Helpful Guidelines for Talking about Science + Faith

As both science and faith are important to many of those who attend Campus Edge, being able to talk about science and faith well is important. Unfortunately, many conversations about science and faith derail into arguments about a) whether one is reading the Bible properly (or taking the Bible/faith seriously) or b) whether one is ignoring or elevating science too much (science being anything from the world God has given us to the knowledge that people have obtained and put forward about how the world works). The conversation often leaves people with the assumption that the other is either stupid or unChristian/sinning, neither of which are particularly complimentary conclusions to make about the person with whom one is conversing.

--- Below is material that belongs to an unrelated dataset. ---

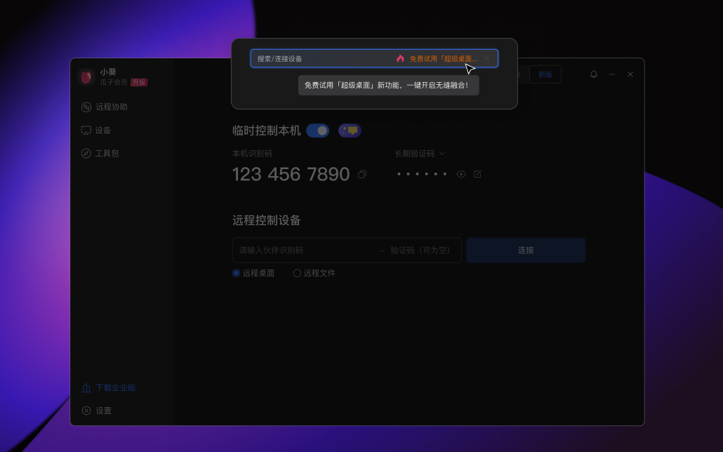 目前向日葵 16 全新推出的超级桌面功能,已面向瓜子会员及免费用户限时开放免费体验。大家只需搜索“贝锐向日葵”进入官网,下载、安装向日葵 16,登录后点击顶部文字链接即可一键领取两个月免费使用资格,抢先拥有远程控制新体验。
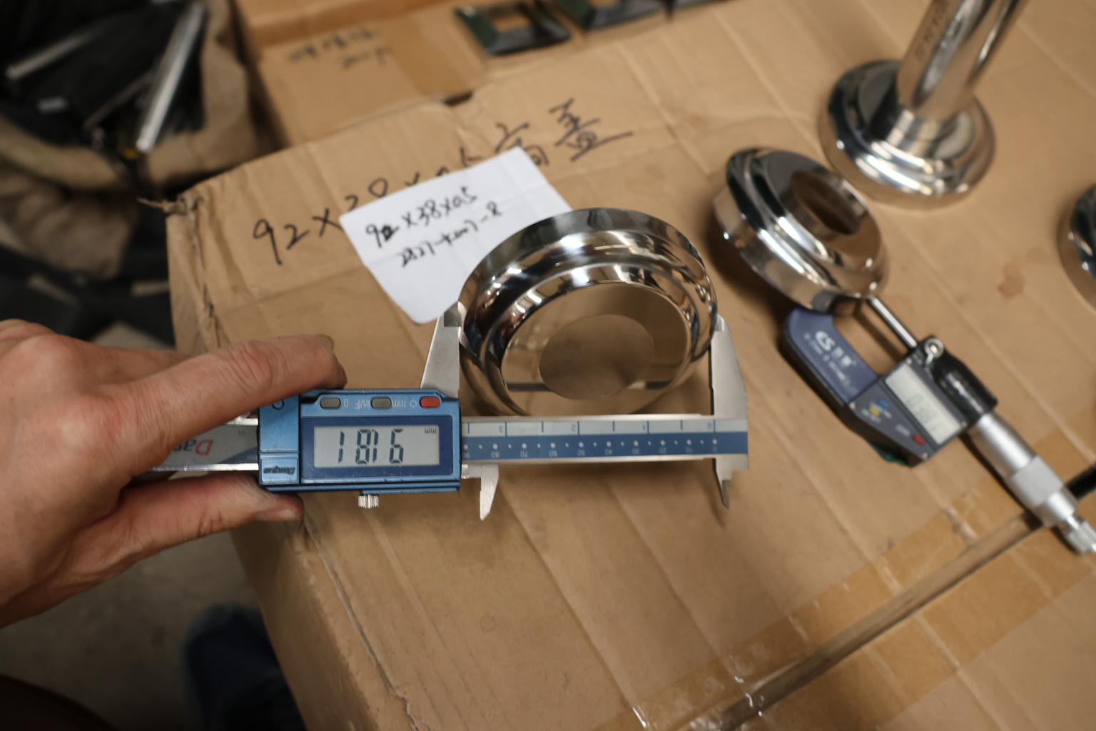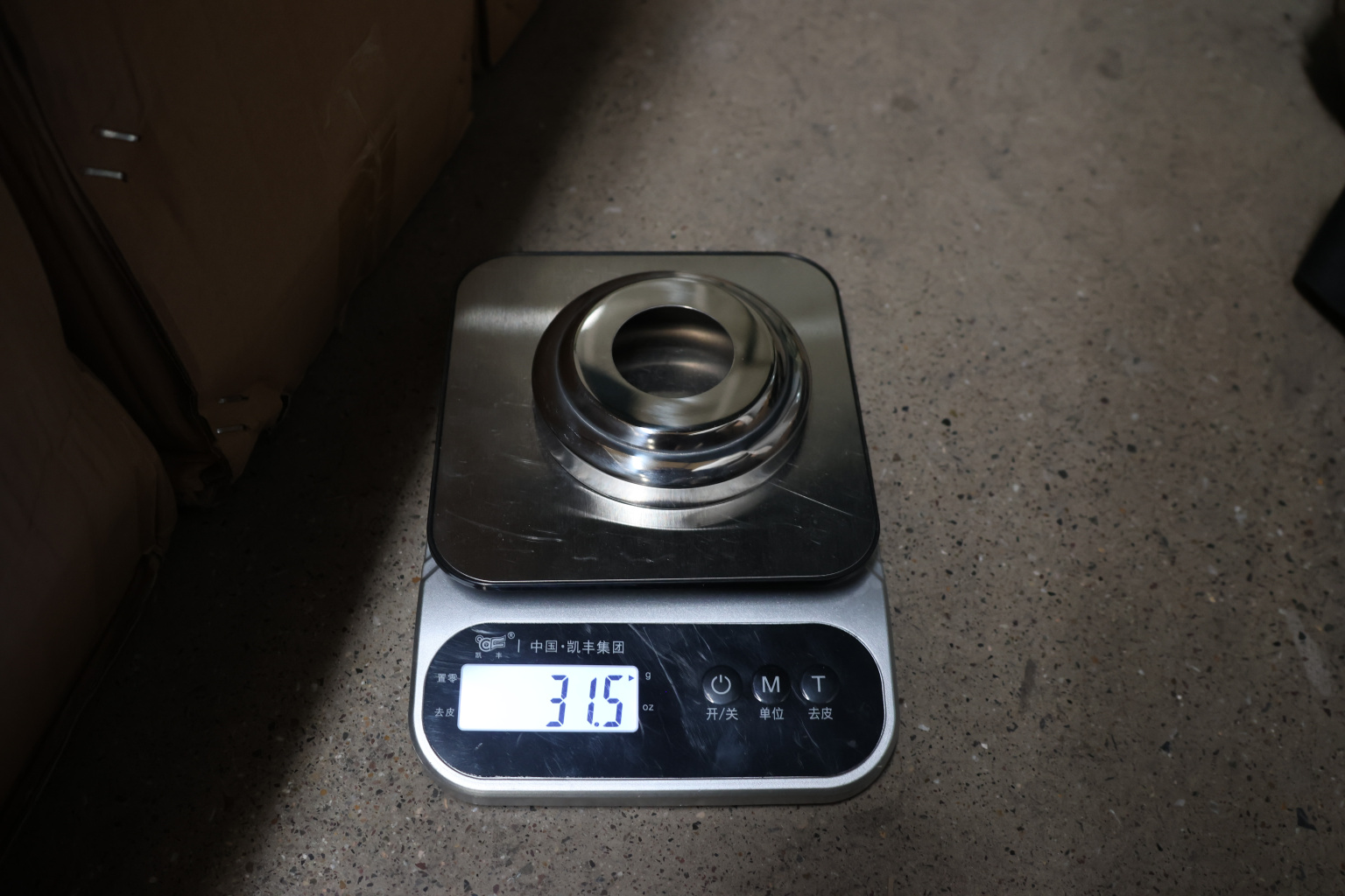 Низ стойки Ø38.1 мм, S=0,4 мм, внешний Ø90х12 мм, полированный 400#, марка стали- AISI 201

Bob Trube recently provided some helpful guidelines for good science + faith conversations. We can all do with a gentle reminder and extra help, so I’m posting a shortened version of his guidelines here below:

1. Perhaps above all, good conversations arise when we listen in order to learn and understand rather than mentally composing arguments and rebuttals while another speaks.

2. For Christians, I think we need to read our Bibles well, gleaning what the writers meant to say under divine inspiration for their first audience, in their own cultural context. . .  Too often, we impose our own questions and the concerns of our own context on the Bible and try to make it answer questions its writers never intended to answer.

3. We should set aside all attempts to force a reconciliation of science and the Bible that result in either the rejection of scientific findings or concluding that certain portions of scripture in error. This may lead to unanswered questions, but I would prefer that to forced answers.

4. Efforts to prove or disprove God by science should be set aside. This is not a question science can decide one way or the other. . . . This is also problematic because science continues to advance and what may be a “proof” today is disproven or capable of an alternative explanation tomorrow. The most I will ever say as a believer is that I have not found what I’ve learned in science inconsistent with the idea of a God.

5. We should recognize that potential participants on both sides of the discussions may come with certain fears. . .  A better conversation doesn’t attack people at the place of their fear. It creates a space where fear can be acknowledged without ridicule or attack and seeks to allay fear through building trust and mutual vulnerability.

6. We likewise should not foreclose the search for understanding of others. . . .

7. We should be skeptical of all of those, believers and skeptics alike, who have made a career, and in some cases a pile of money, promoting the warfare between faith and science. . .

8. Might we instead devote ourselves to the important questions that people of faith and people working in the sciences care about deeply? For example, might Christians who care deeply about the majority world lobby for funding of research on diseases that impact majority world peoples, or livestock, disproportionately, rather than  adding more funds to fight diseases in Western contexts that already enjoy significant support?

His hope is that in pursuing these better questions, we might also have better conversations – because our focus is on flourishing instead of on being right.